* [Task item] Please find the line that holds "限定版として販売される『Crafted World: Jonathan" below and reproduce it, along with every line after it through the end, exactly and without pictures.

* [The data]
=== Section Start ===
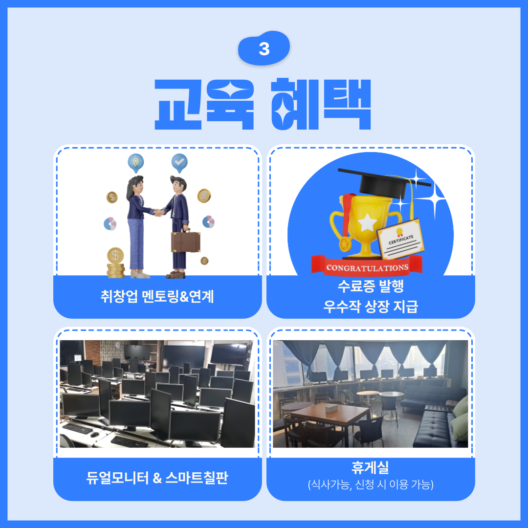서울IT학원 비전공자 개발자 내일배움카드 국비지원 취업 과정 안녕하세요. 대기업 IT회사 출신 복영일... ai기반 영상편집 과정 정보보안 화이트해커 과정 클라우드 엔지니어 과정 그 외 다양한 맞춤형 수업...
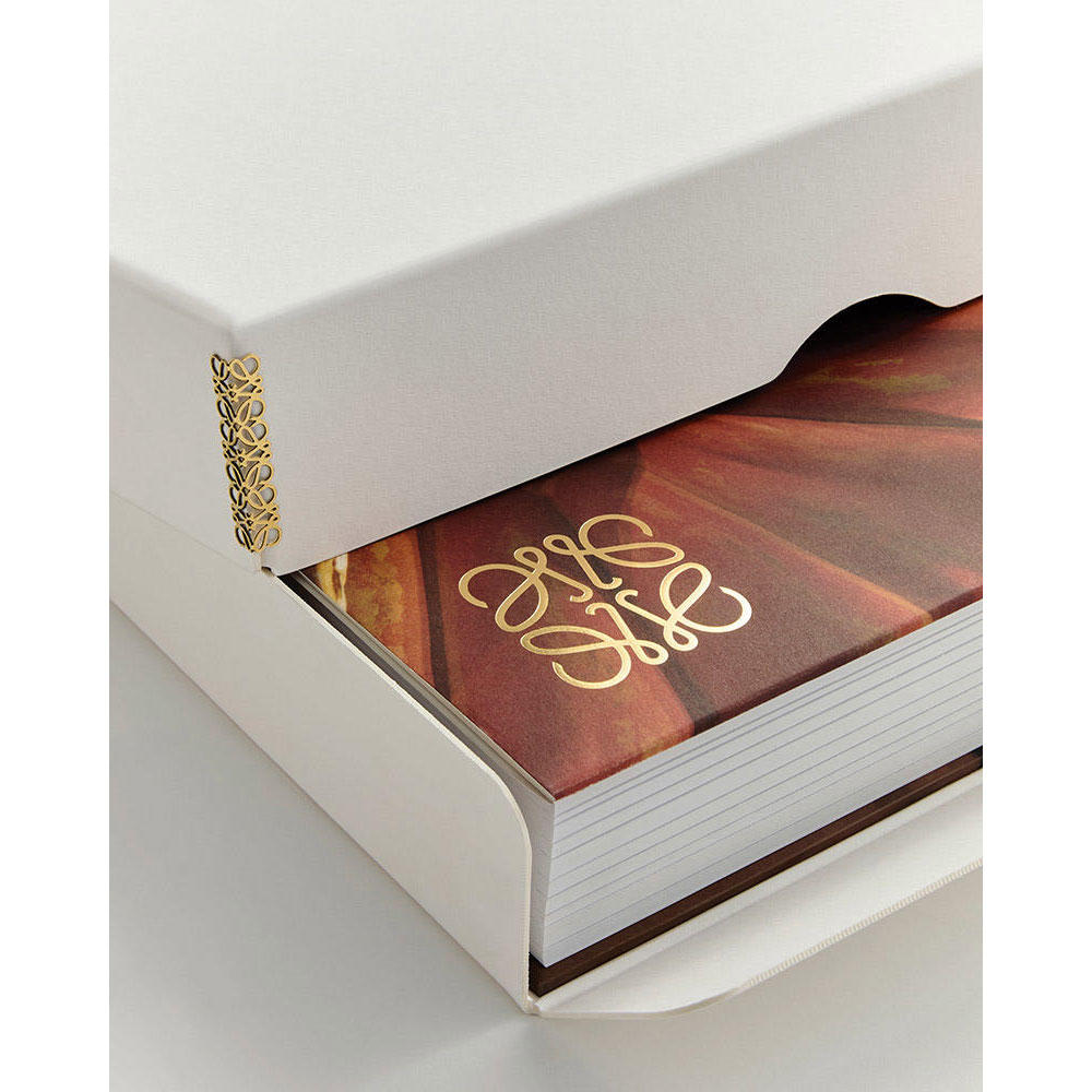 限定版として販売される『Crafted World: Jonathan Anderson’s LOEWE』はカスタムメイドのボックス入りで、角の部分には銅製のロエベアナグラムが重なりあうようにあしらわれています。
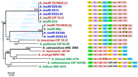Phylogenetic analysis of concatenated amino acid sequences of proteins (UreA, UreB, UreC, UreD, UreE, UreF, UreG, and UreJ) of the urease operons revealed clustering of two structural types of the operons in A. lwoffii, rather than operons of environmental and clinical strains of this species (Figure 2).
=== Section End ===
* [Result of this exercise]
 限定版として販売される『Crafted World: Jonathan Anderson’s LOEWE』はカスタムメイドのボックス入りで、角の部分には銅製のロエベアナグラムが重なりあうようにあしらわれています。
Phylogenetic analysis of concatenated amino acid sequences of proteins (UreA, UreB, UreC, UreD, UreE, UreF, UreG, and UreJ) of the urease operons revealed clustering of two structural types of the operons in A. lwoffii, rather than operons of environmental and clinical strains of this species (Figure 2).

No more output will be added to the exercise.